Germán Darío Lux (born 7 June 1982) is a retired Argentine professional footballer who last played for River Plate as a goalkeeper.

After starting out at River Plate, he spent most of his career in Spain with Mallorca and Deportivo.

Club career
Lux was born in Carcarañá, Santa Fe Province. Nicknamed Poroto, he joined Club Atlético River Plate's youth ranks aged 16, and made his Primera División debut in 2001. Shortly after, he became first choice.

In the 2006 Apertura, Lux lost his job to emergent talent Juan Pablo Carrizo and, a few months after, was cut from the squad by coach Daniel Passarella. In the beginning of the year he also lost his brother, who committed suicide.

Lux signed a four-year deal with RCD Mallorca for the 2007–08 season, as a backup to youth graduate Miguel Ángel Moyá, but benefitted from an injury to the latter to appear in ten La Liga matches during the campaign. In his second year, the same occurred: Moyá was again downed with physical problems and Lux was promoted to starter, but lost his job in January 2009 with the signing of Dudu Aouate from Deportivo de La Coruña.

In the following two seasons, Lux was almost exclusively restricted to Copa del Rey matches with Mallorca, only making a total of five league appearances. The same fate befell him in his next club, Deportivo La Coruña, where he played second-fiddle to Dani Aranzubia for two years.

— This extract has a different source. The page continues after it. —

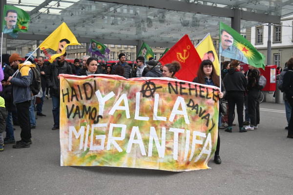 Die Aktion begann mit einer Schweigeminute auf dem Bahnhofvorplatz. In einem Redebeitrag wurde die Politik der Schweiz und anderer Staaten Europas gegen Migrant*innen verurteilt. „Menschen, die vor Rassismus und Faschismus nach Europa geflohen sind, sind hier derselben Gewalt ausgesetzt“, hieß es in einer Erklärung.

On 26 June 2017, ten years after leaving for Europe, the 35-year-old Lux returned to River Plate on a three-year contract.

International career
As a starter (all six matches, no goals conceded) during the 2004 Summer Olympics, Lux was instrumental in the gold medal triumph of the Argentina national team, which netted 17. During the 2005 FIFA Confederations Cup, however, he had a poor performance with the full side.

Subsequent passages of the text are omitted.